Я сидела за столиком у входа. Читала новости на смартфоне, пытаясь найти хоть что-то, тянущее на эксклюзив. Боковым зрением невольно отмечала, кто зашел. Проводила взглядом компанию людей в форме и снова опустила глаза в монитор. Но сиплый голос одного из них не давал мне сосредоточиться. Он напоминал мне персонажа из какого-то фильма. А еще этот донбасский выговор – «г» звучал так ужасно, будто специально привлекал моё внимание.
Довольно скоро компания прошла мимо меня снова, уже направляясь к выходу...
- Шо такая грустная? - прохрипел мужчина, который явно был среди своих за старшего.
- Мне нужно в Иловайск. Я корреспондент. А меня никто не берет с собой.
- А почему не берут?
- Потому что девочка.
- А бронежилет есть?
- Конечно. Я давно работаю.
- Пиши номер телефон. Завтра в 7 утра встречаемся на повороте у Харцызска. Смотри не опаздывай. И не пропусти развилку. Дальше – не наша территория.
Пока мы обменивались номерами, я успела рассмотреть остальных. Всего их было четверо. Все высокие. Один довольно симпатичный – такие обычно нравятся девушкам. Второй – с идеально круглым лицом, но в целом не примечательный. Третий же наоборот – статный, мускулистый, русский «Рэмбо», такого ни с кем не спутаешь. Сиплый выглядел старше всех, у него было лицо и все повадки прожженного вояки.
- Гулид.
- Что?
- Мой позывной - Гулид, - прохрипел сиплый.
Я так и записала. На войне не приято спрашивать, как зовут человека. Наверное, это было безумием, отправиться в самую опасную зону боевых действий с незнакомыми людьми, даже не зная их имён. Но я рискнула. Даже не предупредила начальство...

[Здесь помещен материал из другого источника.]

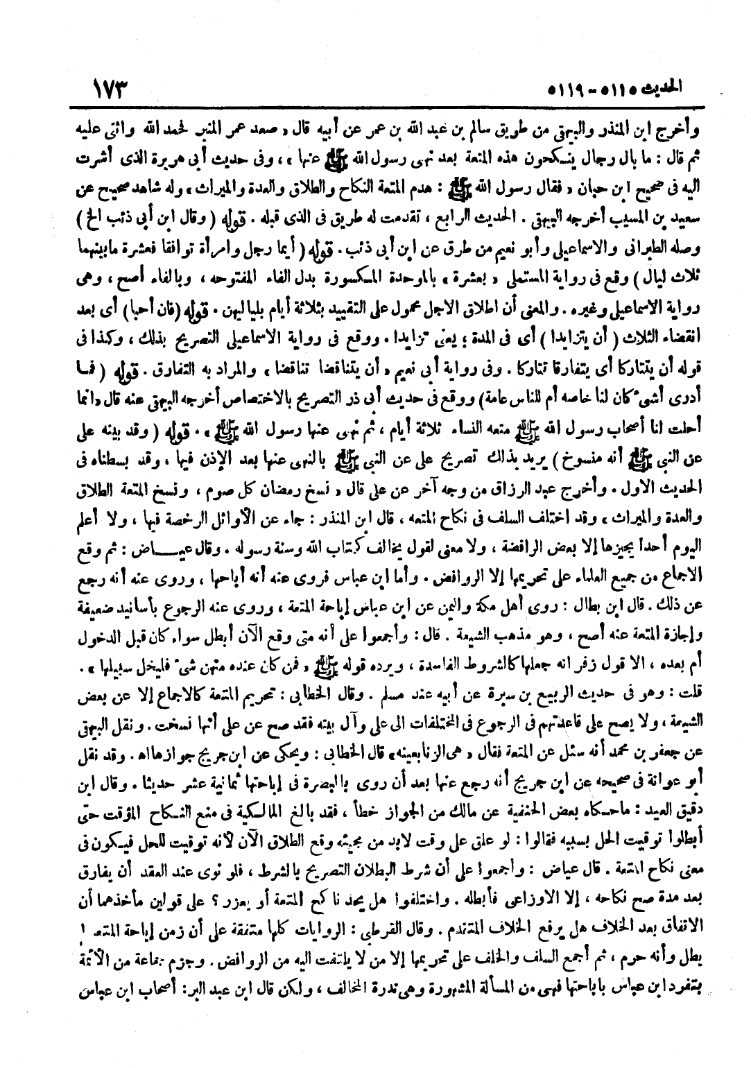 وَأخرج بن الْمُنْذِرِ وَالْبَيْهَقِيُّ مِنْ طَرِيقِ سَالِمِ بْنِ عَبْدِ اللَّهِ بْنِ عُمَرَ عَنْ أَبِيهِ قَالَ صَعِدَ عُمَرُ الْمِنْبَرَ فَحَمِدَ اللَّهَ وَأَثْنَى عَلَيْهِ ثُمَّ قَالَ مَا بَالُ رِجَالٍ يَنْكِحُونَ هَذِهِ الْمُتْعَةَ بَعْدَ نَهَى رَسُولُ اللَّهِ صَلَّى اللَّهُ عَلَيْهِ وَسَلَّمَ عَنْهَا وَفِي حَدِيثِ أَبِي هُرَيْرَةَ الَّذِي أَشرت إِلَيْهِ فِي صَحِيح بن حِبَّانَ فَقَالَ رَسُولُ اللَّهِ صَلَّى اللَّهُ عَلَيْهِ وَسَلَّمَ هَدَمَ الْمُتْعَةَ النِّكَاحُ وَالطَّلَاقُ وَالْعِدَّةُ وَالْمِيرَاثُ وَلَهُ شَاهِدٌ صَحِيحٌ عَنْ سَعِيدِ بْنِ الْمُسَيَّبِ أخرجه الْبَيْهَقِيّ الحَدِيث الرَّابِع تقدّمت لَهُ طَرِيق فِي الَّذِي قبله قَوْله وَقَالَ بن أَبِي ذِئْبٍ إِلَخْ وَصَلَهُ الطَّبَرَانِيُّ وَالْإِسْمَاعِيلِيُّ وَأَبُو نعيم من طرق عَن بن أَبِي ذِئْبٍ قَوْلُهُ أَيُّمَا رَجُلٍ وَامْرَأَةٍ تَوَافَقَا فَعِشْرَةُ مَا بَيْنَهُمَا ثَلَاثُ لَيَالٍ وَقَعَ فِي رِوَايَةِ الْمُسْتَمْلِي بِعَشَرَةٍ بِالْمُوَحَّدَةِ الْمَكْسُورَةِ بَدَلَ الْفَاءِ الْمَفْتُوحَةِ وَبِالْفَاءِ أَصَحُّ وَهِيَ رِوَايَةُ الْإِسْمَاعِيلِيِّ وَغَيْرِهِ وَالْمَعْنَى أَنَّ إِطْلَاقَ الْأَجَلِ مَحْمُولٌ عَلَى التَّقْيِيدِ بِثَلَاثَةِ أَيَّامٍ بِلَيَالِيِهِنَّ قَوْلُهُ فَإِنْ أَحَبَّا أَيْ بَعْدَ انْقِضَاءِ الثَّلَاثِ أَنْ يَتَزَايَدَا أَيْ فِي الْمُدَّةِ يَعْنِي تَزَايَدَا وَوَقَعَ فِي رِوَايَةِ الْإِسْمَاعِيلِيِّ التَّصْرِيحُ بِذَلِكَ وَكَذَا فِي قَوْلِهِ أَنْ يَتَتَارَكَا أَيْ يَتَفَارَقَا تَتَارَكَا وَفِي رِوَايَةِ أَبِي نُعَيْمٍ أَنْ يَتَنَاقَضَا تَنَاقَضَا وَالْمُرَادُ بِهِ التَّفَارُقُ قَوْلُهُ فَمَا أَدْرِي أَشَيْءٌ كَانَ لَنَا خَاصَّةً أَمْ لِلنَّاسِ عَامَّةً وَوَقَعَ فِي حَدِيثِ أَبِي ذَرٍّ التَّصْرِيحُ بِالِاخْتِصَاصِ أَخْرَجَهُ الْبَيْهَقِيُّ عَنْهُ قَالَ إِنَّمَا أُحِلَّتْ لَنَا أَصْحَابِ رَسُولِ اللَّهِ صَلَّى اللَّهُ عَلَيْهِ وَسَلَّمَ مُتْعَةُ النِّسَاءِ ثَلَاثَةَ أَيَّامٍ ثُمَّ نَهَى عَنْهَا رَسُولِ اللَّهِ صَلَّى اللَّهُ عَلَيْهِ وَسَلَّمَ قَوْلُهُ وَقَدْ بَيَّنَهُ عَلِيٌّ عَنِ النَّبِيِّ صَلَّى اللَّهُ عَلَيْهِ وَسَلَّمَ أَنَّهُ مَنْسُوخٌ يُرِيدُ بِذَلِكَ تَصْرِيحَ عَلِيٍّ عَنِ النَّبِيِّ صَلَّى اللَّهُ عَلَيْهِ وَسَلَّمَ بِالنَّهْيِ عَنْهَا بَعْدَ الْإِذْنِ فِيهَا وَقد بسطناه فِي الحَدِيث الْأَوَّلِ وَأَخْرَجَ عَبْدُ الرَّزَّاقِ مِنْ وَجْهٍ آخَرَ عَنْ عَلِيٍّ قَالَ نَسَخَ رَمَضَانُ كُلَّ صَوْمٍ وَنَسَخَ الْمُتْعَةَ الطَّلَاقُ وَالْعِدَّةُ وَالْمِيرَاثُ وَقَدِ اخْتَلَفَ السّلف فِي نِكَاح الْمُتْعَة قَالَ بن الْمُنْذِرِ جَاءَ عَنِ الْأَوَائِلِ الرُّخْصَةُ فِيهَا وَلَا أَعْلَمُ الْيَوْمَ أَحَدًا يُجِيزُهَا إِلَّا بَعْضُ الرَّافِضَةِ وَلَا مَعْنَى لِقَوْلٍ يُخَالِفُ كِتَابَ اللَّهِ وَسُنَّةَ رَسُولِهِ وَقَالَ عِيَاضٌ ثُمَّ وَقَعَ الْإِجْمَاعُ مِنْ جَمِيعِ الْعُلَمَاءِ عَلَى تَحْرِيمِهَا إِلَّا الرَّوَافِضَ وَأَمَّا بن عَبَّاسٍ فَرُوِيَ عَنْهُ أَنَّهُ أَبَاحَهَا وَرُوِيَ عَنْهُ أَنه رَجَعَ عَن ذَلِك قَالَ بن بطال روى أهل مَكَّة واليمن عَن بن عَبَّاسٍ إِبَاحَةَ الْمُتْعَةِ وَرُوِيَ عَنْهُ الرُّجُوعُ بِأَسَانِيدَ ضَعِيفَةٍ وَإِجَازَةُ الْمُتْعَةِ عَنْهُ أَصَحُّ وَهُوَ مَذْهَبُ الشِّيعَةِ قَالَ وَأَجْمَعُوا عَلَى أَنَّهُ مَتَى وَقَعَ الْآنَ أُبْطِلَ سَوَاءٌ كَانَ قَبْلَ الدُّخُولِ أَمْ بَعْدَهُ إِلَّا قَوْلَ زُفَرَ إِنَّهُ جَعَلَهَا كَالشُّرُوطِ الْفَاسِدَةِ وَيَرُدُّهُ قَوْلُهُ صَلَّى اللَّهُ عَلَيْهِ وَسَلَّمَ فَمَنْ كَانَ عِنْدَهُ مِنْهُنَّ شَيْءٌ فَلْيُخَ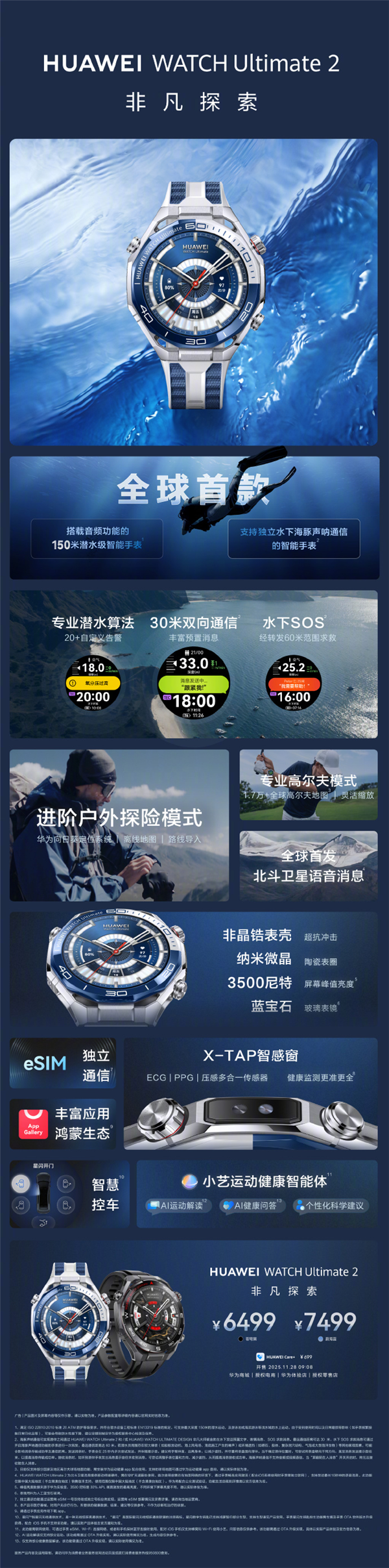 这款手表拥有多个“全球首发”:既是全球首款搭载音频功能的150米潜水级智能手表,也是全球首款支持独立水下海脉声通信的智能手表。

В 7 утра мы с оператором Славой подъехали к повороту на Иловайск. Там уже стояли две машины.
- Мы думали, вы не приедете. А вы молодцы, не побоялись.
Сиплый Гулид провел краткий инструктаж. Главное требование – слушаться его. Рассказал план действий.
- В Иловайск не попадём, город окружен противником. Не проберешься. Нам нужно вывезти людей из Троице-Харцызска, они уже третью неделю живут в подвале – зона обстрела. Даже еды нет. Заедем еще к нам на позицию. Обстановка напряженная. Нас так накрывали два дня назад – и «грады», и «гаубицы». Думали, живыми не выберемся. Корней (Гулид показал на «Рэмбо») прям в окопе видео для сына записал, - если больше не увидятся.
Мы отправились в путь. Корней за рулем, Гулид рядом. Сзади – я и Слава. Остальные - в другой машине.
- Сейчас будем проезжать мою машину, - сказал Гулид. То, что от нее осталось. В нее танк попал. Обидно, внутри был прибор ночного видения. Новый. Таких почти ни у кого нет.
- Главное, что Вас там не было.
- Да, это чисто случайно. Мог бы уже на том свете быть.
Мы проехали выгоревший каркас «Газели». Страшно представить, что внутри мог находиться человек.
Позиция группы Гулида находилась на небольшом холме. В окопах дежурили ополченцы. В основном, молодежь. Большинство оружие впервые в жизни в руки взяли. Стрелять учатся сразу в бою.
Гулид подвел меня к совсем молодому парню.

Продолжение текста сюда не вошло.